Output exactly the lines from the first line of the records below through the line containing "Bangaon (11 km)", both included, leaving out any pictures.
──────
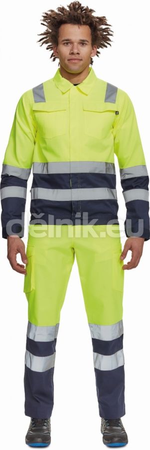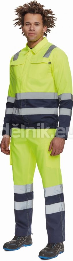 pánská lehká HI-VIS pracovní bunda s reflexními pruhy přes ramena, v bocích a na rukávech; zapínání na zip kryté légou na suchý zip; 2 náprsní kapsy s klopou; elastický lem v bocích; nastavitelná šířka rukávů pomocí suchého zipu; svrchní materiál: 65 % polyester, 35 % bavlna, 195 g/m²; svrchní zesílená vrstva: 50 % polyester, 50 % bavlna, 200 g/m²
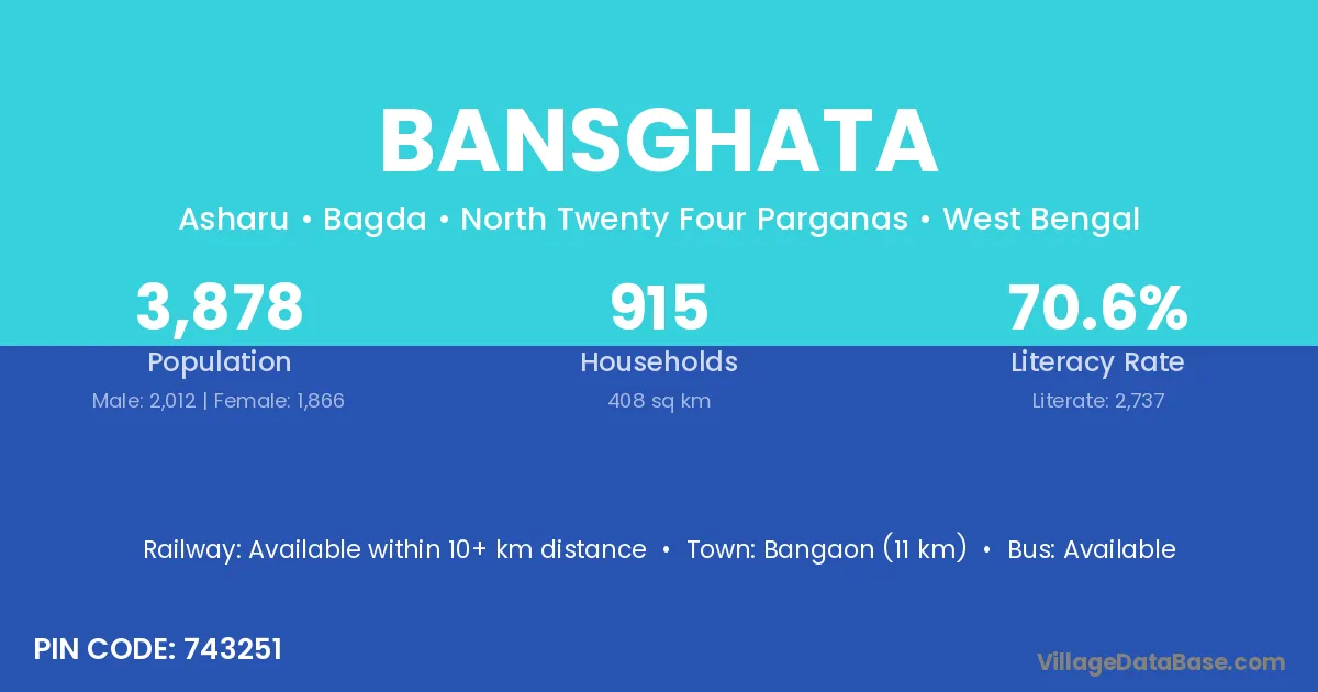 Bangaon (11 km) is the nearest town to Bansghata village for major economic activities and is located approximately 11 km away.
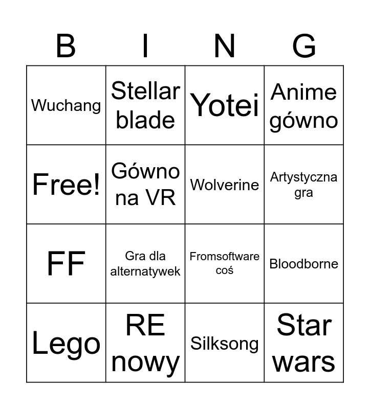 This bingo card has 16 words: RE nowy, Bloodborne, Yotei, Wuchang, FF, Stellar blade, Fromsoftware coś, Silksong, Free!, Gówno na VR, Lego, Anime gówno, Gra dla alternatywek, Artystyczna gra, Wolverine and Star wars.
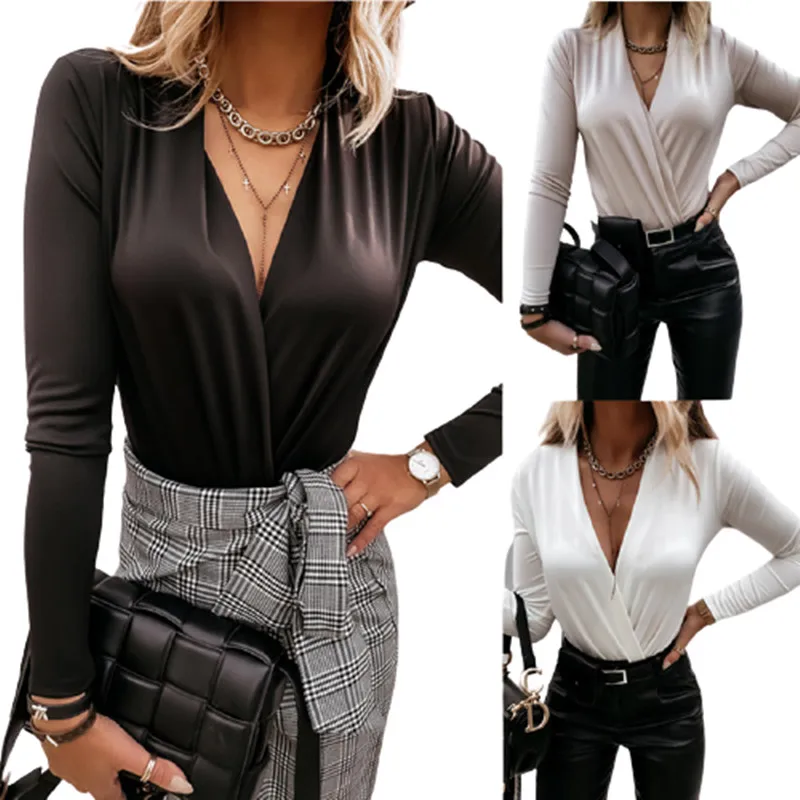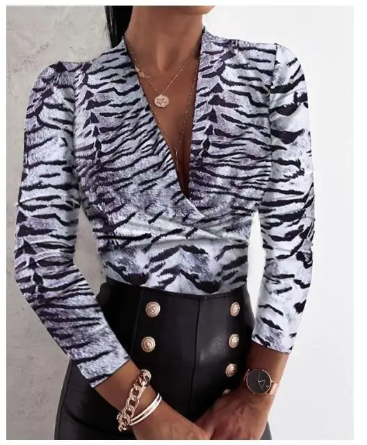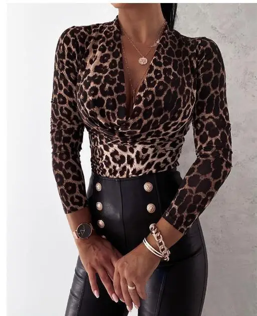 Женская рубашка с леопардовым принтом и глубоким V-образным вырезом
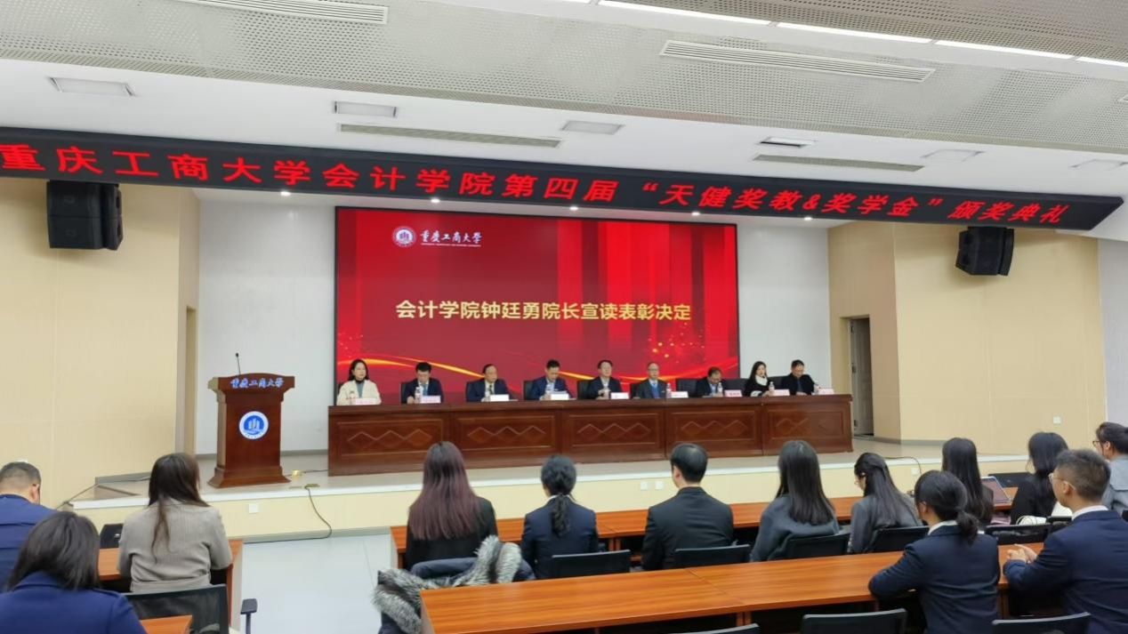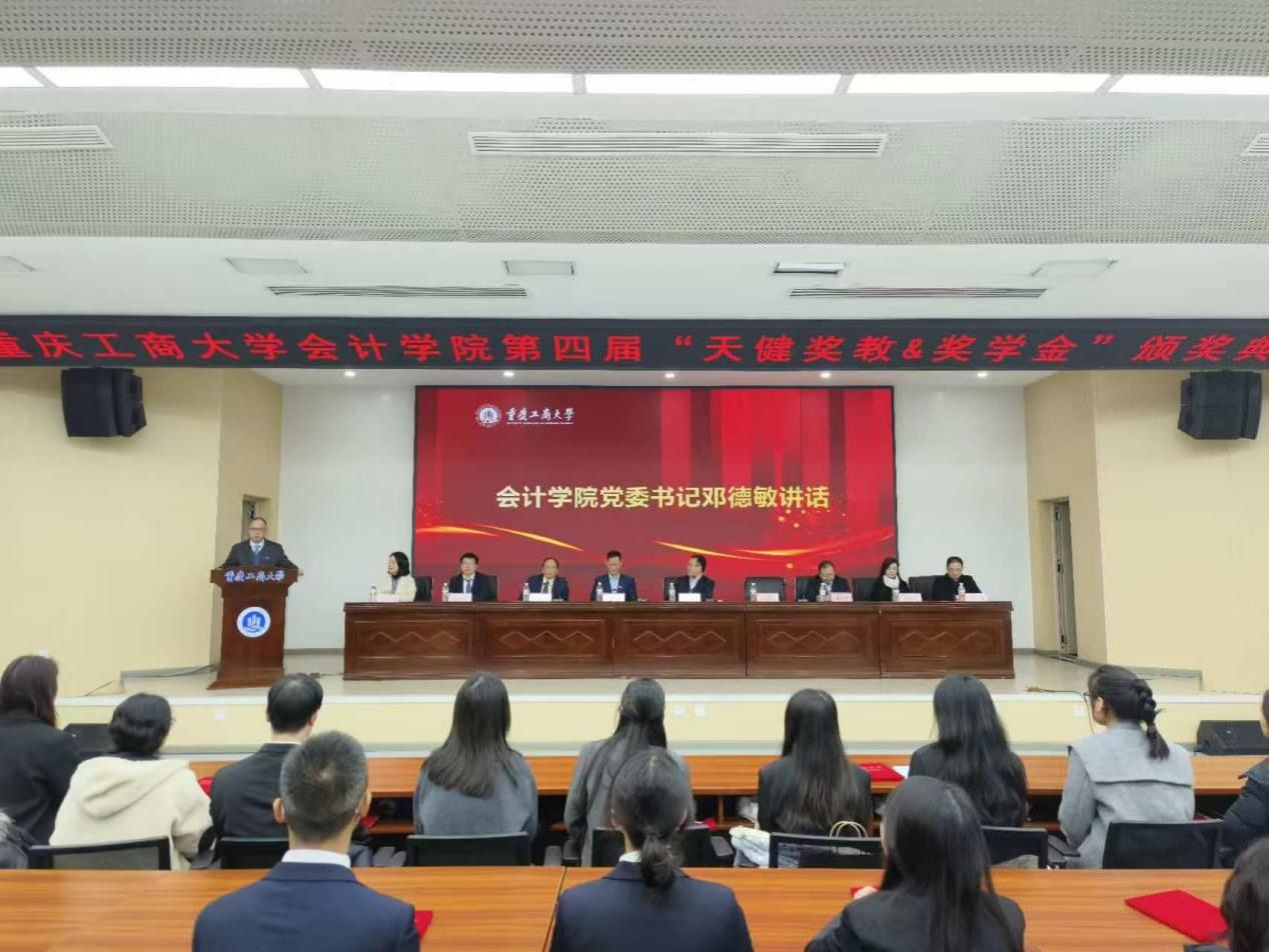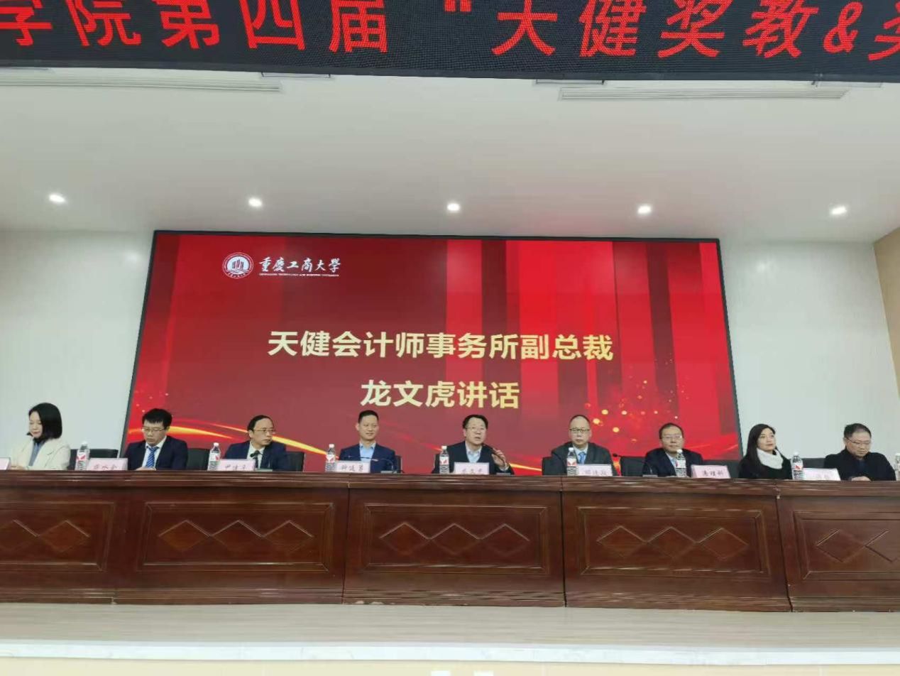 12月12日下午,OK138太阳集团第四届“天健奖教、奖学金”颁奖仪式在明德楼天健报告厅顺利举行。天健会计师事务所副总裁、天健重庆执行委员会主任龙文虎,天健会计师事务所高级合伙人、重庆分所副总经理潘理科、天健会计师事务所重庆分所人事高级经理许静、人事助理经理廖小娅,OK138太阳集团班子成员及获奖师生代表参加了颁奖仪式。颁奖仪式由OK138太阳集团专职组织员尹建平主持。
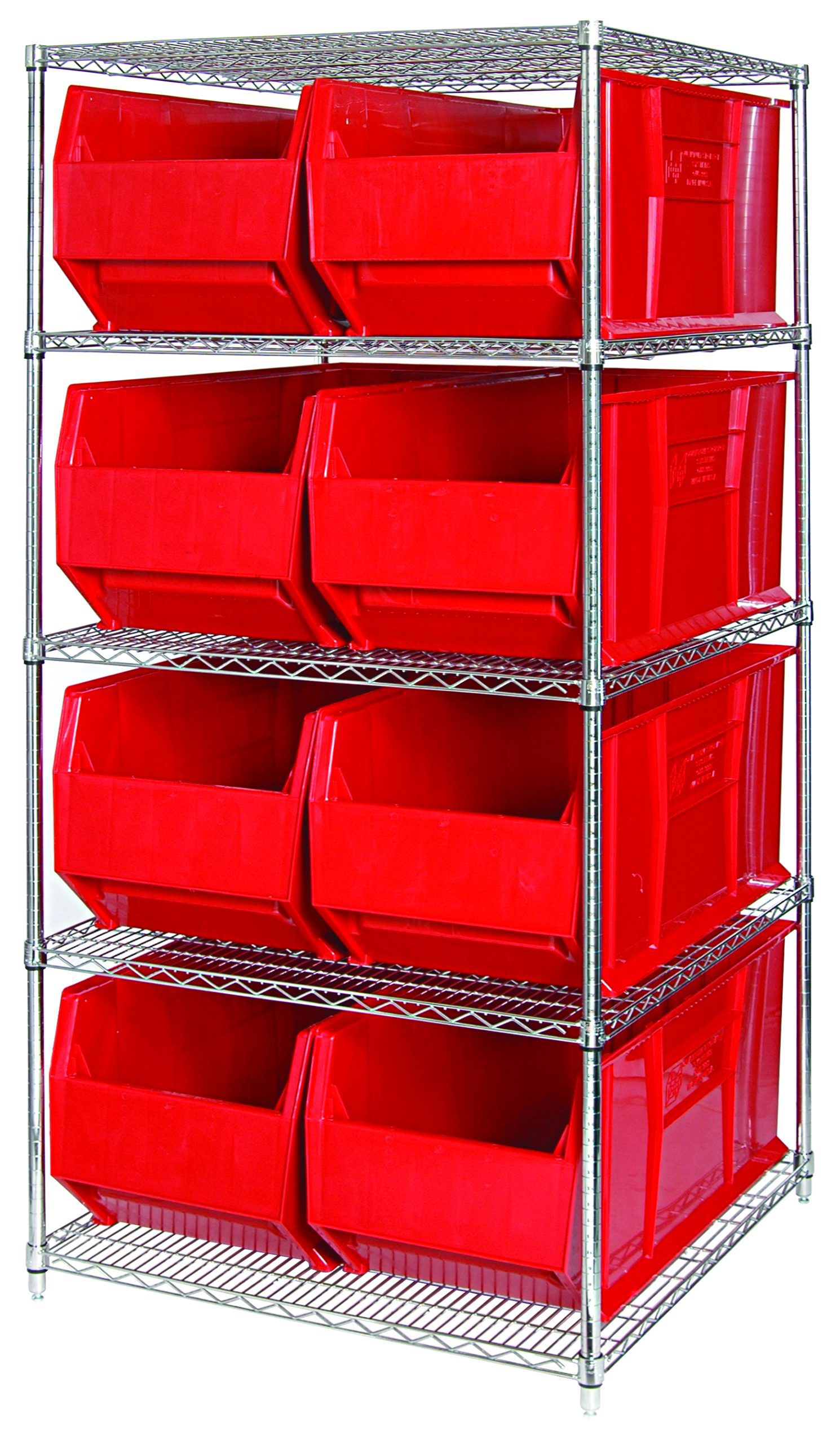 Quantum Bin Wire Shelving System, 60″W X 36″D X 74″H, 600 Lbs Load Capacity Per Shelf, Includes: (5) Shelves And (8) QUS993 Red Bins, Chrome Plated Finish, Shipped Kd
──────
FINISHED TASK —
 pánská lehká HI-VIS pracovní bunda s reflexními pruhy přes ramena, v bocích a na rukávech; zapínání na zip kryté légou na suchý zip; 2 náprsní kapsy s klopou; elastický lem v bocích; nastavitelná šířka rukávů pomocí suchého zipu; svrchní materiál: 65 % polyester, 35 % bavlna, 195 g/m²; svrchní zesílená vrstva: 50 % polyester, 50 % bavlna, 200 g/m²
 Bangaon (11 km) is the nearest town to Bansghata village for major economic activities and is located approximately 11 km away.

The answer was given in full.